Quick Refresher – What is AWS Elastic Load Balancing?

A key part of any modern application is the ability to spread the load of user requests to your application across multiple resources, which makes it much easier to scale as traffic naturally goes up and down during the day and the week. Amazon Web Services’ answer to load balancing in the cloud is the Elastic Load Balancer (AWS ELB) service – Classic ELB and Application ELB. AWS ELB integrates seamlessly with Amazon’s other cloud services, automatically spinning up new ELB instances without manual intervention to meet high demand periods and scaling them back, in off peak hours to get the most out of your IT budget, while also providing a great experience to your users. AWS provides the ability to monitor your ELB configuration through AWS Cloudwatch with detailed metrics about the requests made to your load balancers. There is a wealth of data in these metrics generated by ELB, and it is extremely simple to set up. And best of all, these metrics are included with the service!

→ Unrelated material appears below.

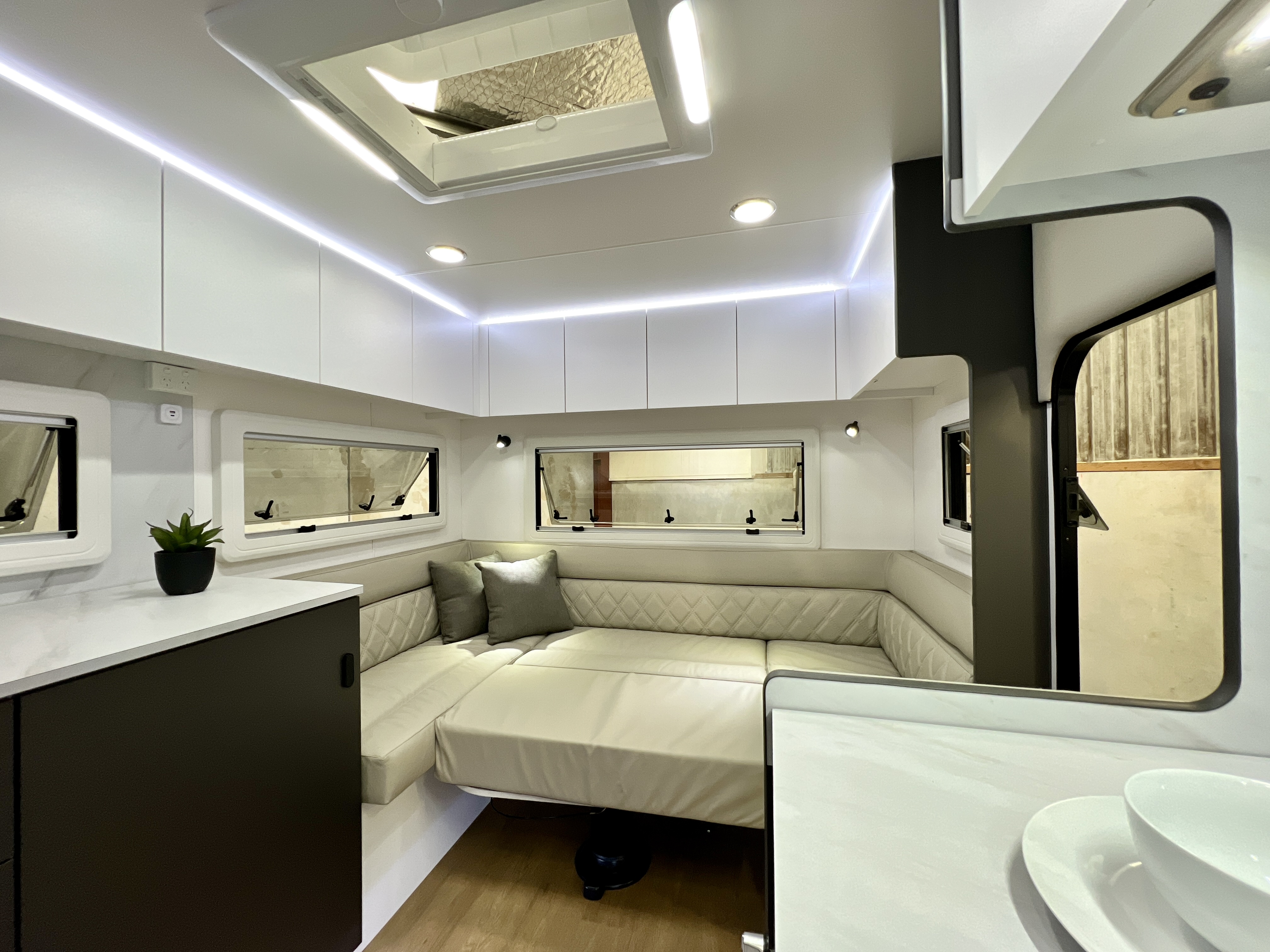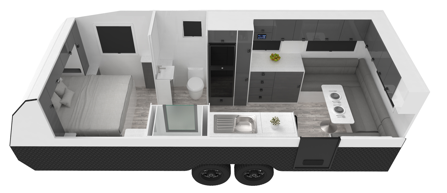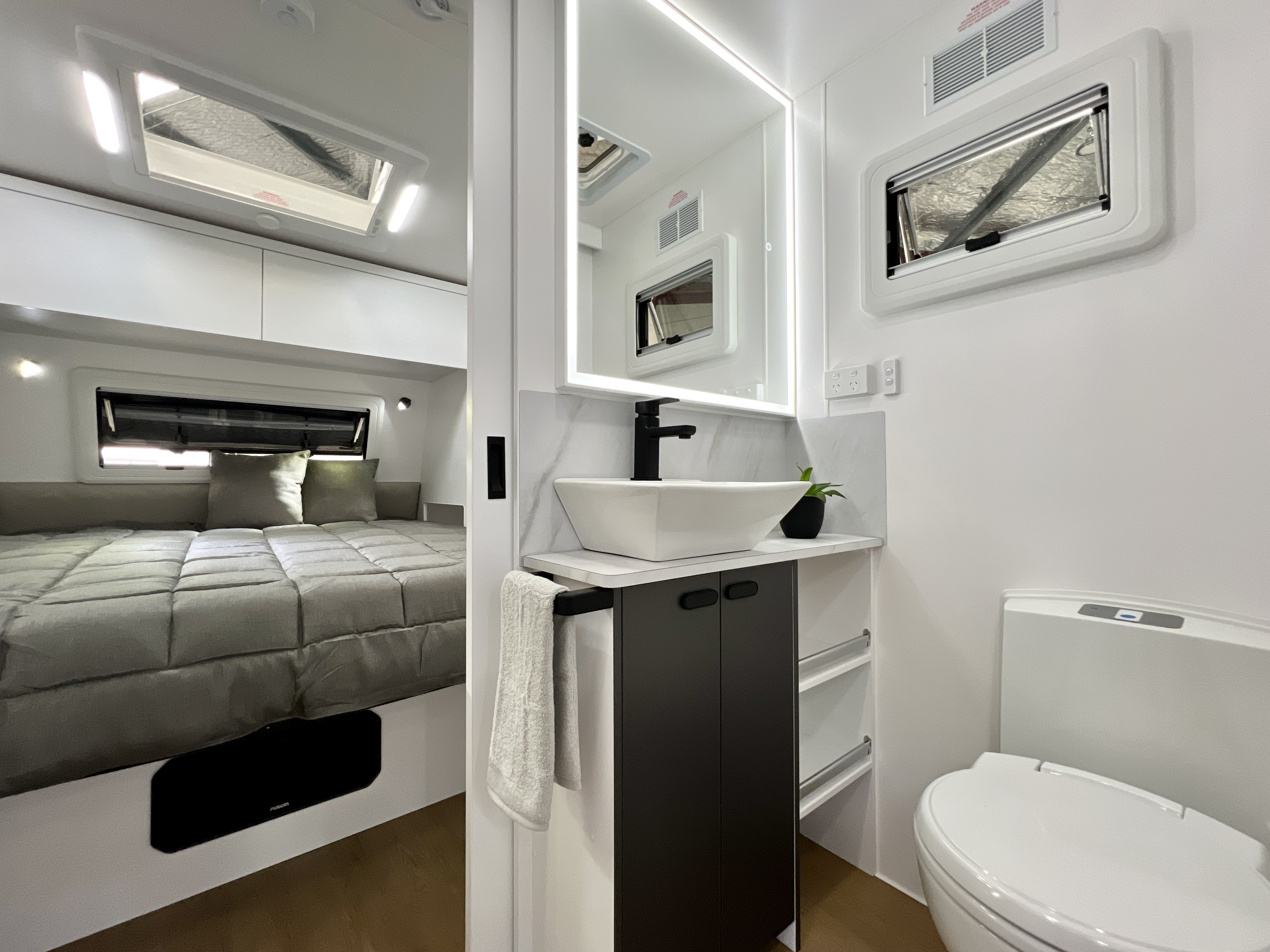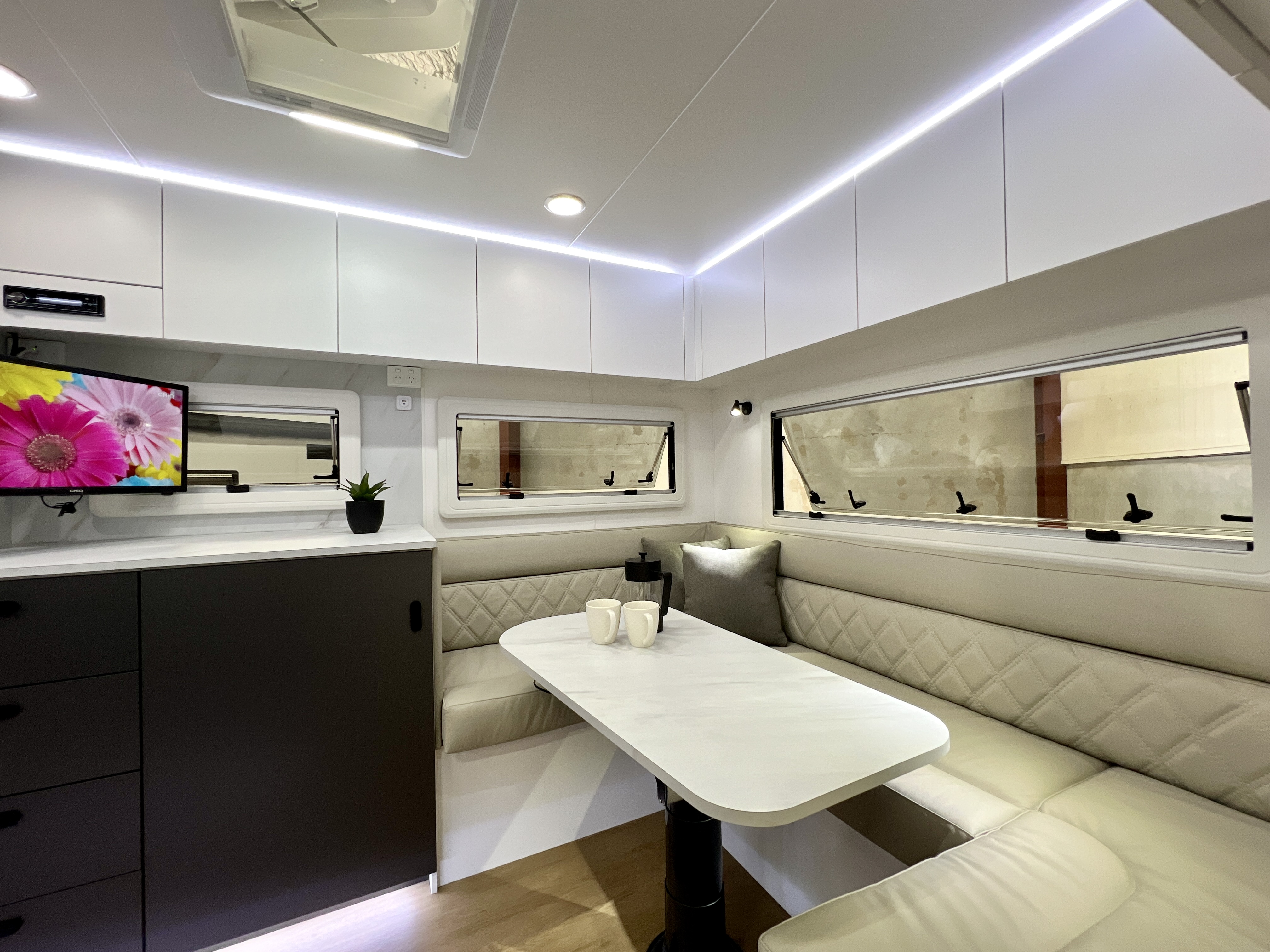 This layout is a sure winner for caravanning in utmost style and comfort. With the plush rear club lounge, full central ensuite bathroom and front bedroom, this is a 5-star hotel on wheels.

Understanding AWS Cloudwatch metrics for AWS ELB

First, you need to understand the concept “Namespace”. For every service monitored by AWS Cloudwatch, there is a Namespace dimension that tells you where the data is coming. For each of the three ELB services, there is a corresponding namespace as well.

Namespace

Namespace
Classic Load Balancers AWS/ELB
Application Load Balancers AWS/ApplicationELB
Network Load Balancers AWS/NetworkELB

One of the most important aspects to understand with Cloudwatch metrics are the “dimensions”. Dimensions tell you the identity of what is monitoring – what it is and where it is from. For this type of metric, there are two key dimensions:

Dimension Description
Availability Zone What Availability Zone the ELB Instance is in
LoadBalancerName The name of the ELB instance

Note: AWS automatically provides rollup metrics over dimensions as well. So, for example, if you see a measurement with no Load Balancer dimension, but still has an Availability Zone (AZ), that is a rollup over all of the Load Balancers in that AZ.

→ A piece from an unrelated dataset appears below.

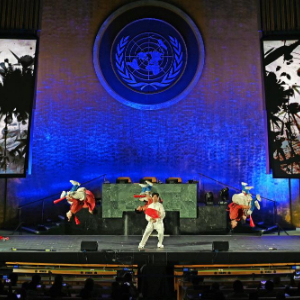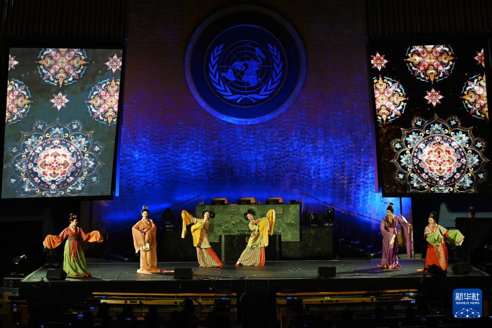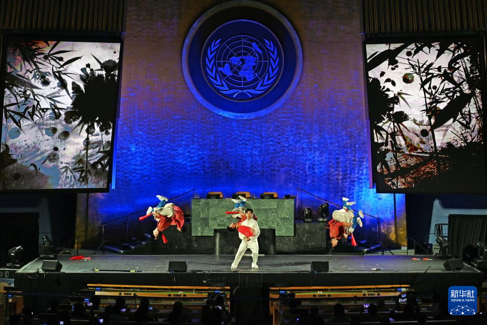 当晚,“跨越山海的文明对话”专场文艺演出在联合国大会厅举行。来自十几个国家的演员同台表演器乐、街舞、武术、舞蹈、合唱等节目,奉献了一场中外合璧的艺术盛宴。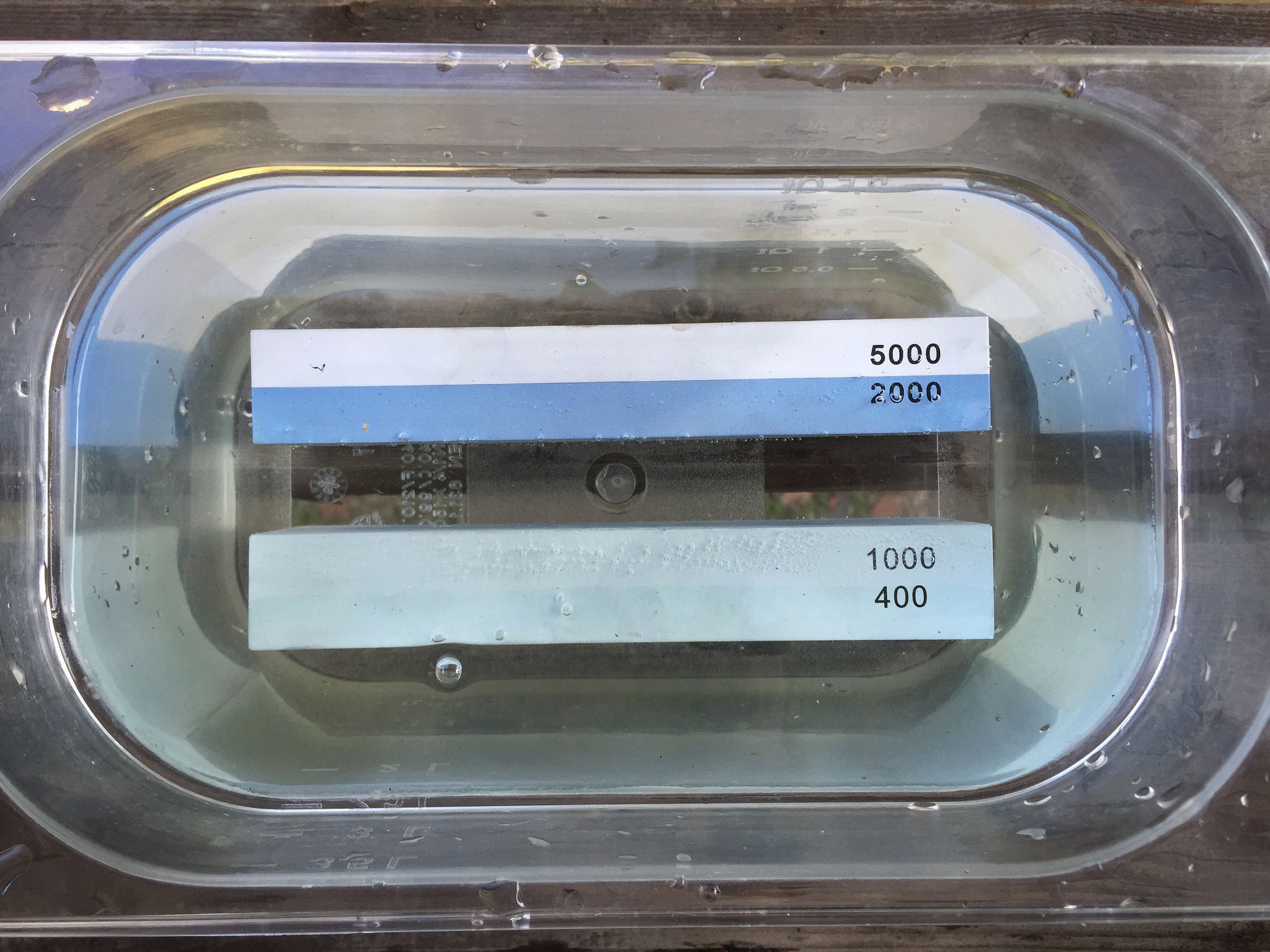 Včera mi přišly nové kameny na broušení. K základnímu kameni s hrubostí 400 a 1000 ještě jemnější kámen s 2000 a 5000 (Taidea, 1275 Kč). Jdu šmrdlat, brousit, leštit. Dokud mi ruka neupadne.

Another part of the metrics are the “Statistic”. Cloudwatch metrics are not raw measurements, but are actually aggregated up to more digestible data volumes. So, in order to not lose the behavior of the underlying data, Cloudwatch provides several statistics which can use depending on what you need:

Statistic Description
Minimum The minimum value over the reporting period (typically 1 min)
Maximum The minimum value over the reporting period (typically 1 min)
Sum The sum of all values over the reporting period (typically 1 min)
Average The average value over the reporting period (typically 1 min)
SampleCount The number of samples over the reporting period (typically 1 min)

 

What are the key metrics to watch?

There are a lot of metrics gathered by Cloudwatch, but we can divide those into two main categories: Metrics about the Load Balancer, Metrics about the Backend Instances. We will show you the key ones to watch, and what statistics are appropriate when analyzing the metric.

Key performance indicators for the load balancer

The key performance indicators (KPIs) will help you understand how the actual ELB instances are performing and how they are interacting with the incoming requests, as opposed to how your backend instances may be responding to the traffic.

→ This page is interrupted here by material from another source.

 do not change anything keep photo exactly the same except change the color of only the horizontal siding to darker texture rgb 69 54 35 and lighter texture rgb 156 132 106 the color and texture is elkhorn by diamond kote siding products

Metric What it Means and How to Use it Statistics to Use
RequestCount This metric tracks the number of requests that the load balancer, or group of load balancers, has received. This is the baseline metric for any kind of traffic analysis, particularly if you don’t have auto-scaling enabled. Sum (other statistics aren’t useful)
SurgeQueueLength This tells you the number of inbound requests waiting to be accepted and processed by a backend instance. This can tell you if you need to scale out your backend resources. Maximum is the most useful, but Average and Minimum can be helpful in addition to Maximum.
SpilloverCount This is the number of rejected requests because the surge queue is full.

When the queue length reaches 1,024 the clients will receive 503 errors and the request will be denied. This is obviously bad, and in a healthy environment this metric should be zero.

Sum (other statistics aren’t useful)
HTTPCode_ELB_4XX The number of 4XX type status codes generated. These indicated a client/browser error (e.g. page doesn’t exist). You can look in the ELB logs for more details about the client errors, and take corrective action (usually a redirect for a common 404 Page not Found error). Sum (other statistics aren’t useful)
HTTPCode_ELB_5XX The number of 5XX type status codes generated. These indicate a server error because the request couldn’t be properly handled – either because there were no healthy backend instances or because the SurgeQueue is full. There are a few key error codes which indicate different problems:

502 – Bad Gateway – In the case the backend instance responded, but the load balancer could not parse the response because of a load balancer error or because the response was malformed.

503 – Bad Gateway – This code will be returned either because the backend instances returned an error or because the SurgeQueue is full (see above)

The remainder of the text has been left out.